__Task item__
Copy the records below exactly, starting at the line that contains "Découvrez les tickets" and ending at the line that contains "5 trận gần nhất"; leave out any pictures.

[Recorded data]
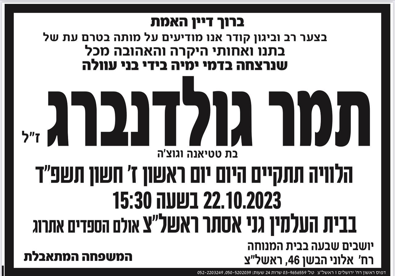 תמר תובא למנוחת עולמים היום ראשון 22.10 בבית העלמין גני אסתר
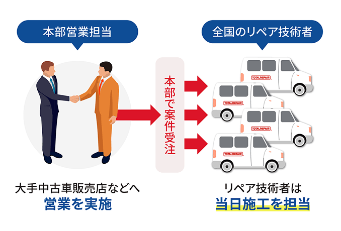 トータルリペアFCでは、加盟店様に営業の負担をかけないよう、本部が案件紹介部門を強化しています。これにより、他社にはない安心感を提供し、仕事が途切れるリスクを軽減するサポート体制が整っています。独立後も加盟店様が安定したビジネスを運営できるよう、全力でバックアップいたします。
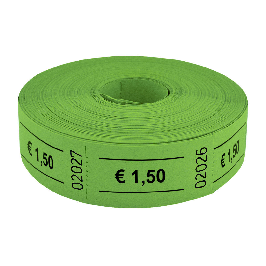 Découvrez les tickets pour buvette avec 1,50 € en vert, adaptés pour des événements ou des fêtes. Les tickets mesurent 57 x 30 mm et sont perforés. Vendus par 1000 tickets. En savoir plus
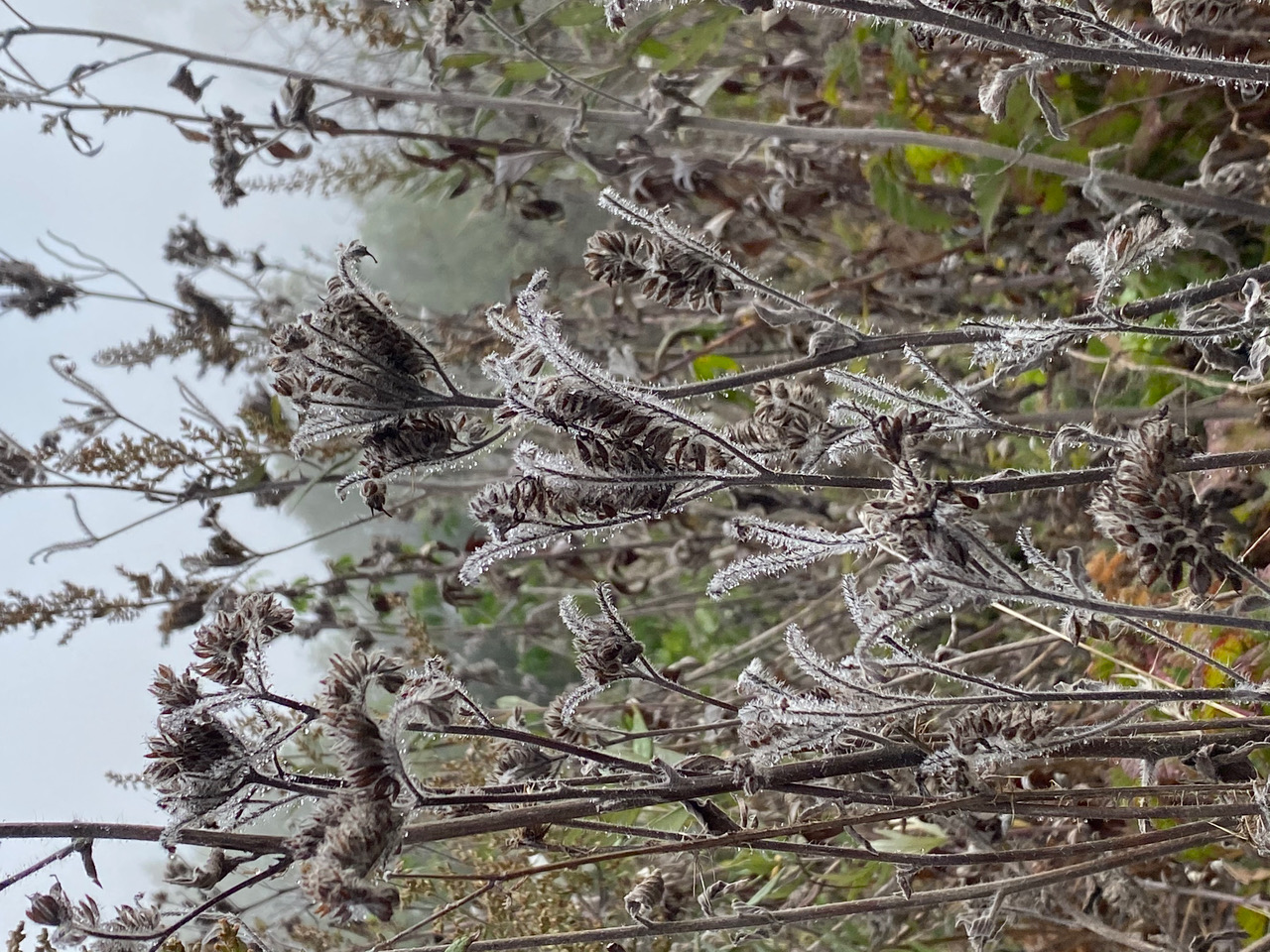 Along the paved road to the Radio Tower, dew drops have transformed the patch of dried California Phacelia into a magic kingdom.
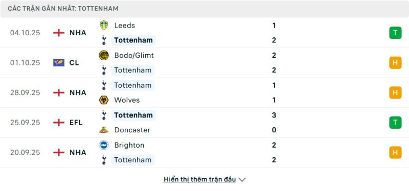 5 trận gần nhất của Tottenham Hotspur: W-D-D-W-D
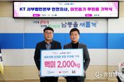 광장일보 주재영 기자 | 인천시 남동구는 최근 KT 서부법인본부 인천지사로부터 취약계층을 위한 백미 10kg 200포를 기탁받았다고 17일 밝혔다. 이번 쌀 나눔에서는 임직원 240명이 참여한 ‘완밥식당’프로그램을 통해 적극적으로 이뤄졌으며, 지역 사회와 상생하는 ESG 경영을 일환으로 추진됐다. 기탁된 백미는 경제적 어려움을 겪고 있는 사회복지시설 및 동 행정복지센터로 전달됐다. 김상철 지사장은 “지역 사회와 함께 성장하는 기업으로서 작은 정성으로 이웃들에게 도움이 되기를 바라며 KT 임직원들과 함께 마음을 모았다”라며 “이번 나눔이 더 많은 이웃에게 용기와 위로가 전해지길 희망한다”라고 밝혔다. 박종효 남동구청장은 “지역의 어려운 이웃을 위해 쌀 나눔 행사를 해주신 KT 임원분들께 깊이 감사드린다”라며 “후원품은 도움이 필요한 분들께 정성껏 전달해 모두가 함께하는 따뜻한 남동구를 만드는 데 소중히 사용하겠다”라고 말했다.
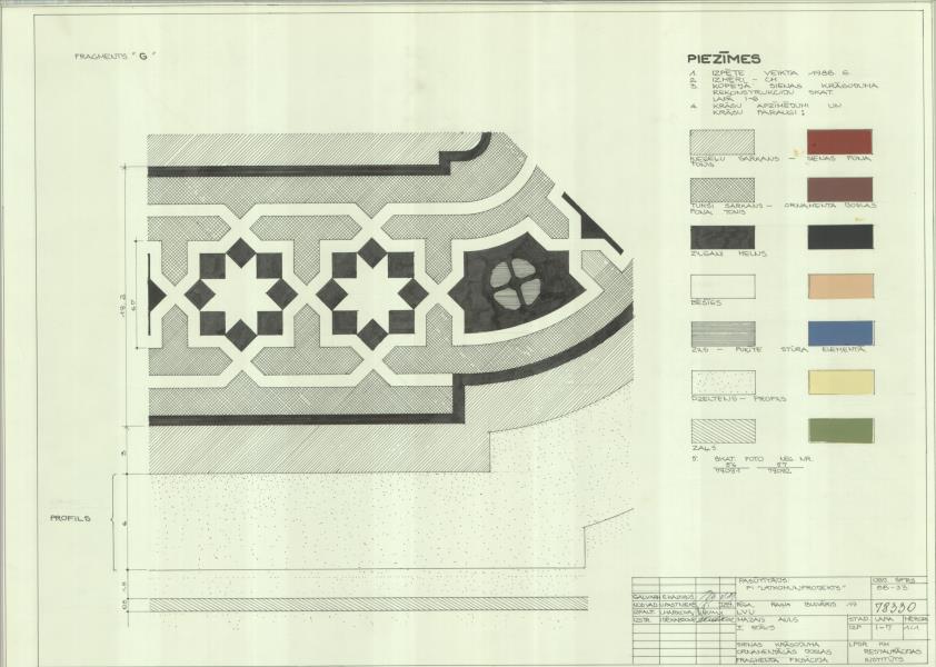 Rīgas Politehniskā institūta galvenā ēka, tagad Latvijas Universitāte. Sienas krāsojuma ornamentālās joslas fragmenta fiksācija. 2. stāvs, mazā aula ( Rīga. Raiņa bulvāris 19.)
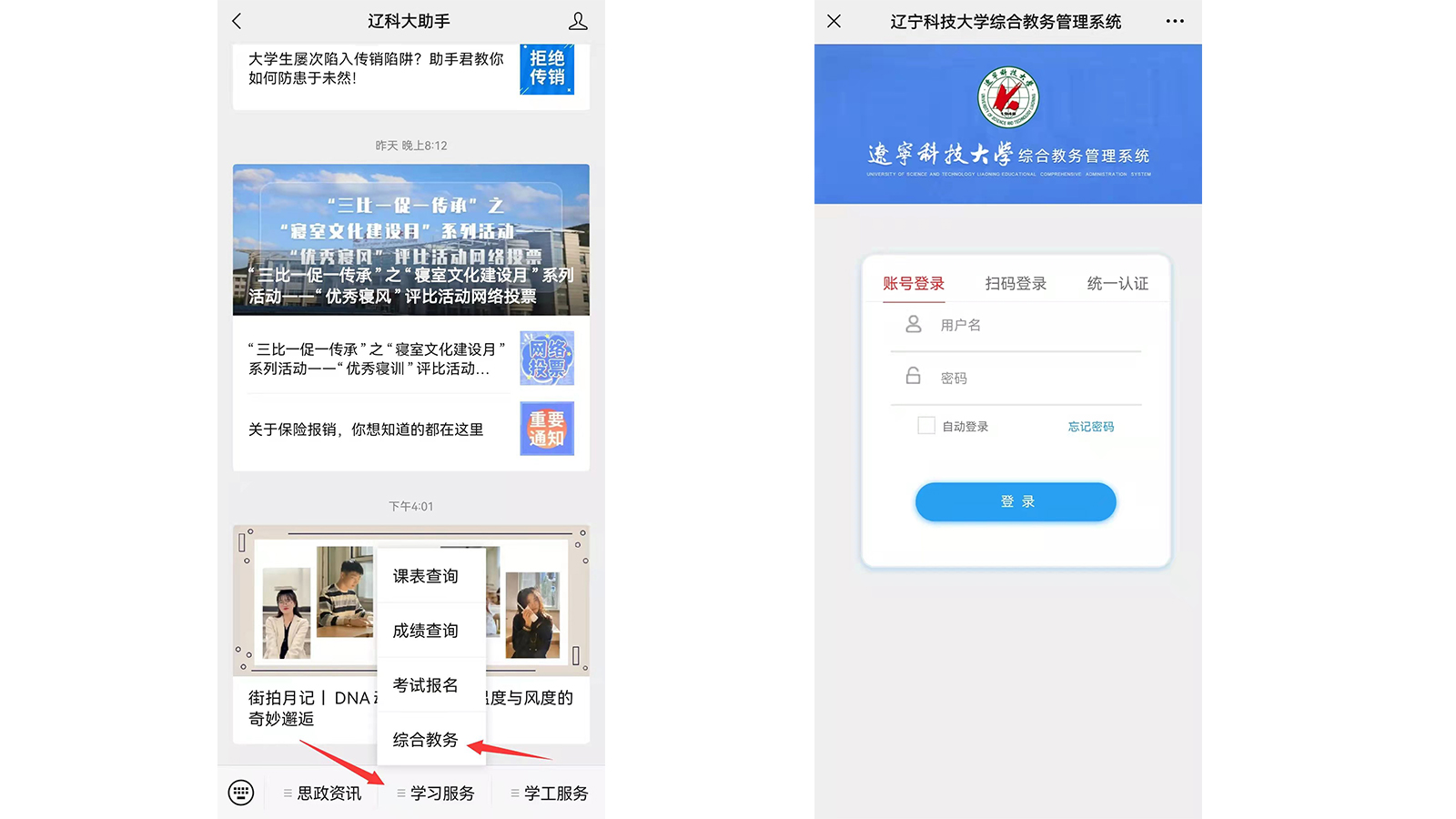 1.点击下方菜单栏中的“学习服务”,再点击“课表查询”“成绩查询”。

__Result__
 Découvrez les tickets pour buvette avec 1,50 € en vert, adaptés pour des événements ou des fêtes. Les tickets mesurent 57 x 30 mm et sont perforés. Vendus par 1000 tickets. En savoir plus
 Along the paved road to the Radio Tower, dew drops have transformed the patch of dried California Phacelia into a magic kingdom.
 5 trận gần nhất của Tottenham Hotspur: W-D-D-W-D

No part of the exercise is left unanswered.